Task item:
Output each record below exactly as it stands, leaving out the pictures.

Excerpted data:
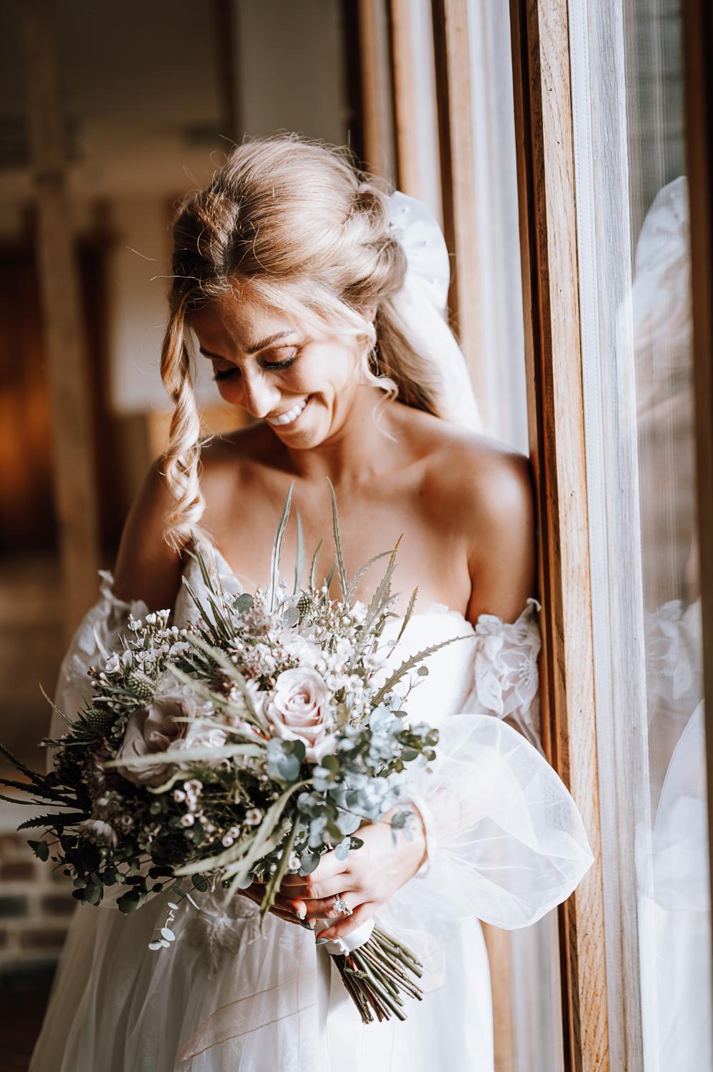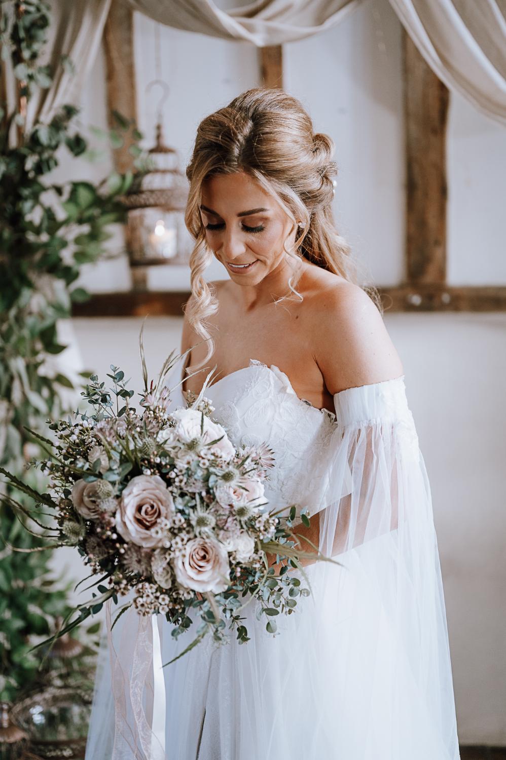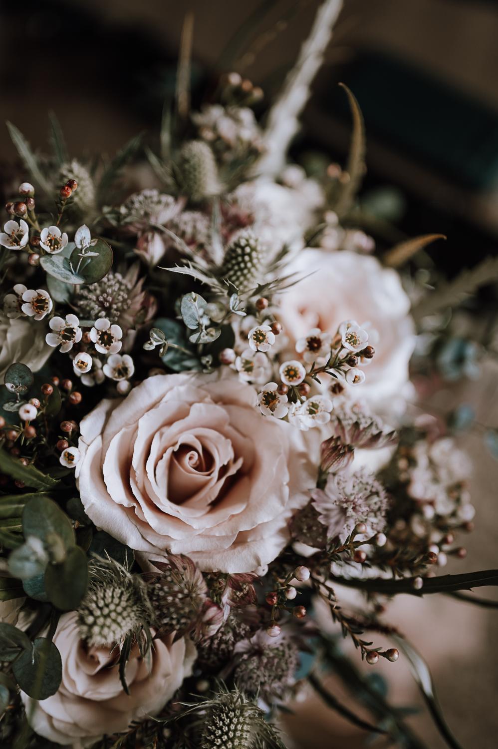 “Choose a florist who you connect with and whose style you like, have a look at their Instagram or website and look at reviews from previous brides to see their feedback. I have a meeting and get to know my client as well as really getting a good indication of what they are looking for, generally starting with the bridesmaid’s dress colour and what colour suits and ties the guys are wearing. Then I put a colour palette together with that in mind, as everything needs to blend in beautifully. Most brides are happy to leave it up to me about flower choices unless there is something they particularly want included – I haven’t had a disappointed client yet! For this shoot I was left to a completely free reign so my bouquet centred round these lovely quicksand roses then I just look around and choose what I like to go with them. I love how this bouquet turned out.”
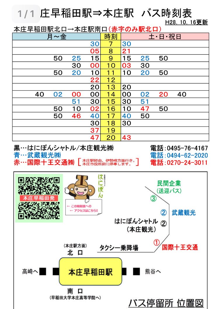 かがやくごったん On Twitter 本庄市の本庄 本庄早稲田バスの時刻表が見つかったので参考に
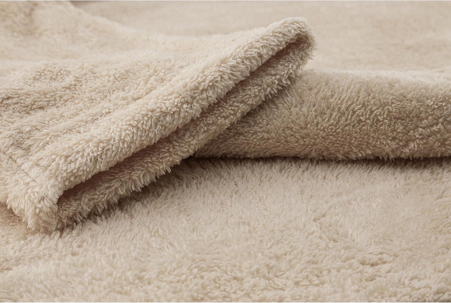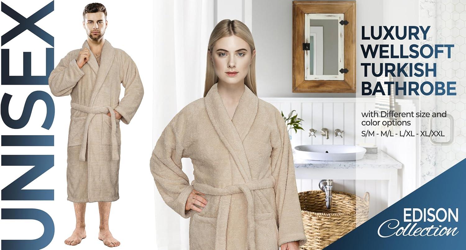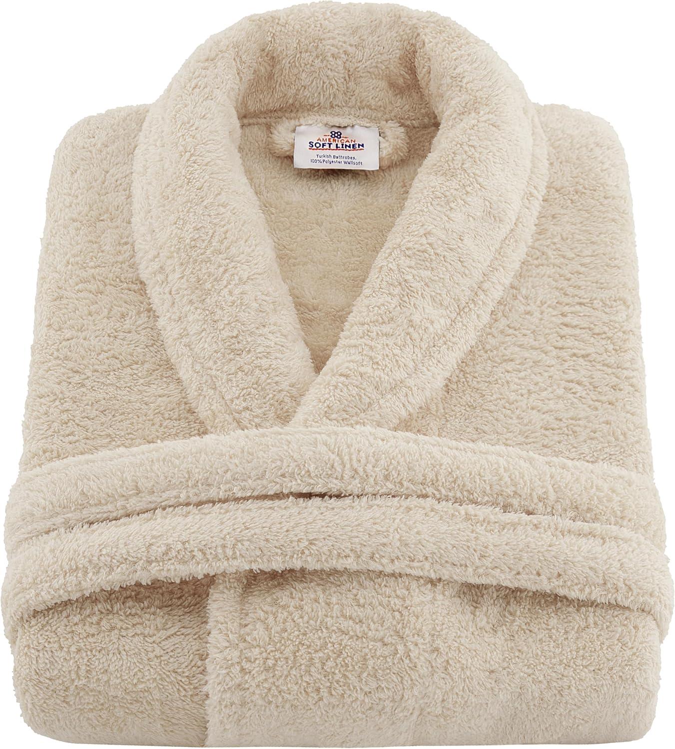 American Soft Linen Warm Fleece Robe, Mens and Womens Robe Fuzzy, 1 Piece Unisex Plush Adult Bathrobe for Bathroom(Beige)
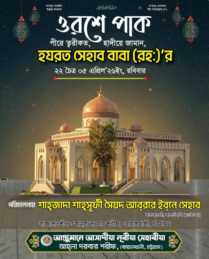 চট্টগ্রামের আহলা দরবার শরীফে ভক্ত-আশেকের মিলনমেলা: আগামীকাল রবিবার হাদীয়ে জামান হযরত সৈয়দ সেহাবউদ্দীন খালেদ (রহঃ) এঁর ১৫তম ওরশ শরীফ আলমগীর রানা, চট্টগ্রাম (বোয়ালখালী) থেকে : হাদীয়ে জামান হযরত সৈয়দ আবু জাফর মোহাম্মদ সেহাবউদ্দীন খালেদ (রহঃ) এঁর ১৫তম পবিত্র বার্ষিক ওরশ শরীফ ভক্ত-আশেকের মিলনমেলায় রূপ নিয়ে আগামীকাল (৫ এপ্রিল) রবিবার যথাযোগ্য
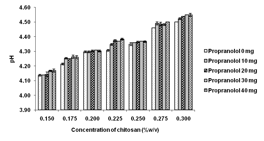 Fig. 1: Effect of chitosan and propranolol concentrations on the pH values of the nanoparticles (mean±SD, n=3)
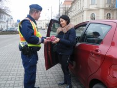 A rendőrök nőnap alkalmából ajándékkal köszöntötték a szabályosan közlekedő járművezető hölgyeket.
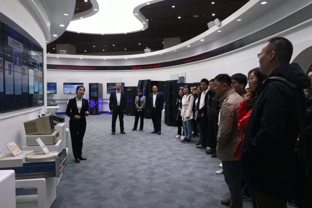 在浪潮集团一层展厅,工作人员细致耐心地讲解了浪潮集团的发展历史,带领大家参观了由浪潮集团研发的各种高科技仪器,并对浪潮集团的重点建设项目以及未来展望做了详细说明。之后,朱津萱为大家讲解了企业的发展以及技术不断发展的一代一代的改革创新历程。讲解完毕后大家一起体验了浪潮高科技产品的奇妙,集团的超前技术和独特的软硬件综合实力让参观的全体人员感受到了技术的强大。
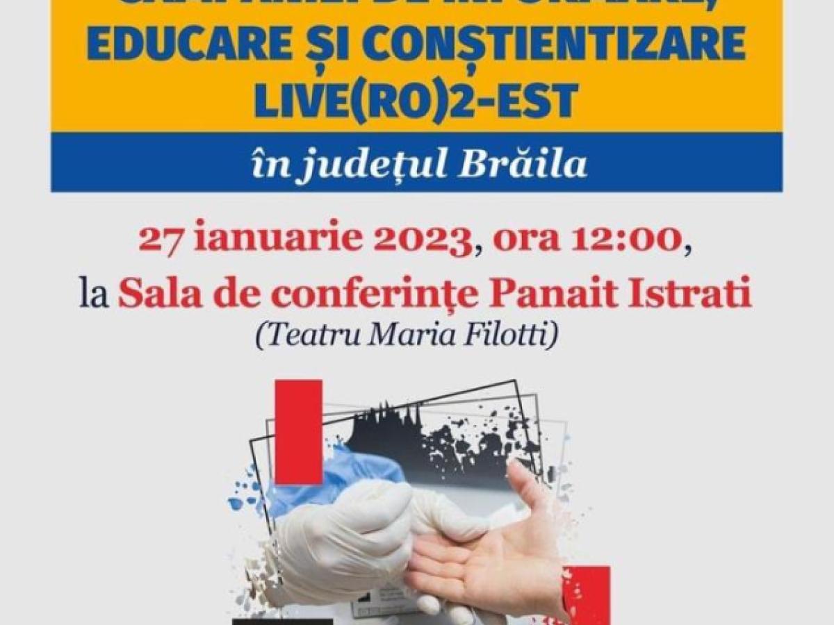 În faţa acestei oportunităţi, îndemnăm populaţia judeţului Brăila să se testeze pentru hepatitele virale B şi C. De asemenea, fac apel la medicii de familie din Brăila să se afilieze proiectului LIVE(RO)2-EST, pentru că ei constituie baza acestei campanii de informare, educare şi conştientizare în rândul populaţiei.
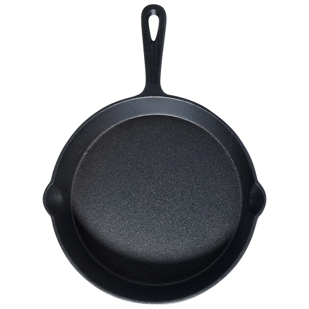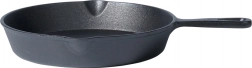 Diese Pfanne aus massivem Gusseisen in Schwarz ist besonders robust und langlebig. Gusseisen verteilt und speichert Wärme hervorragend, sodass Fleisch, Gemüse und Kartoffeln perfekt gegart werden und Speisen länger warm bleiben. Zwei seitliche Ausgießnasen erleichtern das Abgießen von Säften und Soßen ohne Kleckern.

Your response:
 “Choose a florist who you connect with and whose style you like, have a look at their Instagram or website and look at reviews from previous brides to see their feedback. I have a meeting and get to know my client as well as really getting a good indication of what they are looking for, generally starting with the bridesmaid’s dress colour and what colour suits and ties the guys are wearing. Then I put a colour palette together with that in mind, as everything needs to blend in beautifully. Most brides are happy to leave it up to me about flower choices unless there is something they particularly want included – I haven’t had a disappointed client yet! For this shoot I was left to a completely free reign so my bouquet centred round these lovely quicksand roses then I just look around and choose what I like to go with them. I love how this bouquet turned out.”
 かがやくごったん On Twitter 本庄市の本庄 本庄早稲田バスの時刻表が見つかったので参考に
 American Soft Linen Warm Fleece Robe, Mens and Womens Robe Fuzzy, 1 Piece Unisex Plush Adult Bathrobe for Bathroom(Beige)
 চট্টগ্রামের আহলা দরবার শরীফে ভক্ত-আশেকের মিলনমেলা: আগামীকাল রবিবার হাদীয়ে জামান হযরত সৈয়দ সেহাবউদ্দীন খালেদ (রহঃ) এঁর ১৫তম ওরশ শরীফ আলমগীর রানা, চট্টগ্রাম (বোয়ালখালী) থেকে : হাদীয়ে জামান হযরত সৈয়দ আবু জাফর মোহাম্মদ সেহাবউদ্দীন খালেদ (রহঃ) এঁর ১৫তম পবিত্র বার্ষিক ওরশ শরীফ ভক্ত-আশেকের মিলনমেলায় রূপ নিয়ে আগামীকাল (৫ এপ্রিল) রবিবার যথাযোগ্য
 Fig. 1: Effect of chitosan and propranolol concentrations on the pH values of the nanoparticles (mean±SD, n=3)
 A rendőrök nőnap alkalmából ajándékkal köszöntötték a szabályosan közlekedő járművezető hölgyeket.
 在浪潮集团一层展厅,工作人员细致耐心地讲解了浪潮集团的发展历史,带领大家参观了由浪潮集团研发的各种高科技仪器,并对浪潮集团的重点建设项目以及未来展望做了详细说明。之后,朱津萱为大家讲解了企业的发展以及技术不断发展的一代一代的改革创新历程。讲解完毕后大家一起体验了浪潮高科技产品的奇妙,集团的超前技术和独特的软硬件综合实力让参观的全体人员感受到了技术的强大。
 În faţa acestei oportunităţi, îndemnăm populaţia judeţului Brăila să se testeze pentru hepatitele virale B şi C. De asemenea, fac apel la medicii de familie din Brăila să se afilieze proiectului LIVE(RO)2-EST, pentru că ei constituie baza acestei campanii de informare, educare şi conştientizare în rândul populaţiei.
 Diese Pfanne aus massivem Gusseisen in Schwarz ist besonders robust und langlebig. Gusseisen verteilt und speichert Wärme hervorragend, sodass Fleisch, Gemüse und Kartoffeln perfekt gegart werden und Speisen länger warm bleiben. Zwei seitliche Ausgießnasen erleichtern das Abgießen von Säften und Soßen ohne Kleckern.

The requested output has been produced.